Φ(5)=4. There are 4 positive numbers less than 5 which are not factors of 5.
Φ(3)=2. There are 2 positive numbers less than 2 which are not factors of 3.
So Φ(5×3)=Φ(5)×Φ(3)
- n(odd) and m(even).
Φ(9x4)=Φ(9)xΦ(4)
Φ(36)=14
Φ(9)=6
Φ(4)=2
So Φ(9×4)≠Φ(9)×Φ(4)
- n(prime) and m(even).
Φ(7x4)=Φ(7)xΦ(4)
Φ(28)=12. There are 12 positive numbers which are not factors of 28.
Φ(7)=6. There are 6 positive integers which are not factors of 7.
Φ(4)=2. There are 2 positive integers which are not factors of 4.
So Φ(7×4)=Φ(7)×Φ(4)
I have found out that there are two ways of having Φ(nxm)=Φ(n)xΦ(m).

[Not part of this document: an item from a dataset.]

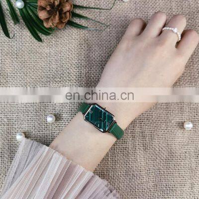 SpecificationCustomized ladies watch hot selling small green dial square quartz watches waterproof wrist watch women luxury brandCaseMaterialStainless SteelSize28mmWaterproof3 ATMGlassSapphire crystalStrapMaterialLeatherWidth10 mmBuckleSquare BuckleDialMaterialCopperMovementModelGL20 QuartzDetails ImagesTransaction Flow1stDiscussion & Confirmation of Design2ndConfirmation of Down Payment3rdSample / Mass Production4thConfirmation of Balance Payment5thDeliveryPayment Term & Lead TimePayment TermSample100% pay before productionBulk30% pay before production, 70% pay before shipmentPayment MethodAlibaba Trade AssuranceLead TimeSampleWith Your Own LogoIf Cases in Stock30 DaysWithout LogoIf Cases in Stock3 DaysWith Your Own LogoCustomized Cases50 - 60 DaysBulkWith Your Own LogoIf Cases in Stock40 - 50 DaysWith Your Own LogoIf Cases Out of Stock50 - 60 DaysServiceOEM / ODM AvailablePacking & DeliveryFree Paper BoxA watch packed by a plastic bag, 10pcs watches packed by a paper box. Free Foam BoxA watch packed by a plastic bag, 10pcs watches packed by a foam box.PU Leather Gift BoxWe understand customers request customized gift boxes for the customized watches, as a manufacturer, we are able to offer one station service. MOQ: 500PCSIn addtion, if you have your own box supplier in China, the boxes can be sent to us for packing for free.Company ProfileHK Watch FairAs an expereienced watch manufacturer in China, Dualtime attends HK Watch Fair every time, to exhibit new designs and hot sellers, which have caught visitors eyes and help it develop customers from all over the world. Dualtime Case WorkshopDualtime focuses on high end watch, attaches great importance of quality, that's why it has self own case manufacturer, it can control the lead time and quality easily.Dualtime Dust Free Assembly WorkshopDualtime gathers some sophisticated assembly staffs, which specializes in assembling watch with complicated movements, they need to keep all watches working normally.Dualtime Quality Control WorkshopDualtime gives priority to the quality, it is vital element for the transaction. Therefore, Dualtime has different quality control teams for the incoming material, semi-finished watch and finished watch. Quality is life.Dualtime Quality Control Machines(Some of them have been uploaded as following)Waterproof Test MachineThis machine is for 1-30ATM Waterproof, to find out which ones cannot reach waterproof request level.Strap Durability Test MachineThis machine is for durability of strap, to see the straps can be folded for how many times and durability level.Shock Test MachineThis machine is for shock test, to assume that whether the hands will be loosed during transportation.Dualtime Clients Meeting Dualtime enjoys high reputation in watch field, a plenty of customers from different countries have come to visit Dualtime and their watches with joy. It is easier for us to understand each other and discuss business.If you have any interests, welcome to visit us!Dualtime Responsibility & PhilosophyDualtime has mature working systems, with sophiticated engineers, excellent designers and professional international salesman. We follow up the trend of watch fashion closely, create new and stylish designs every month. In addition, if customers have any ideas for their own watch, we can get some inspiration from their ideas and design what they need. Absolutely, design is important, but the quality is the most important, we have never made any compromising on quality, that's why we are able to win and keep long term cooperation with customers from America, Canada, Swiss, Japan, Netherlands, United Kingdom, Spain, Belgium, France, Singapore, Russia and so on.Dualtime always puts customers requirements at priority.Hot Sell: Please Click the picture to Get More Details
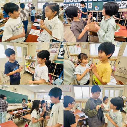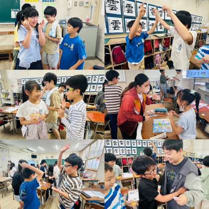 子ども達は積極的に友達に声をかけ、自分のカードと合う友達が見つかると、笑顔でハイタッチをしたり、飛び跳ねて喜んだりしながら楽しそうに活動していました。

The first way is that n and m should be co-prime. The other way is that either n or m should be prime and even. The rest of the number types result Φ(n×m)≠Φ(n)×Φ(m).
I have to investigate “Φ(Pⁿ Q )” if P and Q are prime in the fourth part. I have found two formulas for finding the Phi Functions of large numbers. One of the formulas is “(Pⁿˉ¹)(P-1)”. The other formula is “Pⁿ(1-1/P)”.
FIRST FORMULA:(Pⁿˉ¹)(P-1)
To find Φ(81):
1. Firstly the 81 has to be split up into prime numbers.
81 converted into prime numbers=3
So the formula can now be used to find Φ(81):
2. (3 ˉ¹)(3-1)=
3. 3³×2
4. 54
So Φ(81)=54
SECOND FORMULA: Pⁿ(1-1/P)
To find Φ(81):
- Firstly 81 has to be split into prime numbers.
81 converted into prime numbers=3
So the formula can now be used to find Φ(81):
- 3 (1-1/3)=
- 81×2/3=
- 54
So Φ(81)=54
The two formulas give out the same results for the Φ(81). The “P” on the formulas stands for prime number. The formulas are faster at finding the Phi rather than writing all the numbers out and cancelling or circling them. There are four steps to work out the Phi’s from the formulas and that is why I have numbered my working out.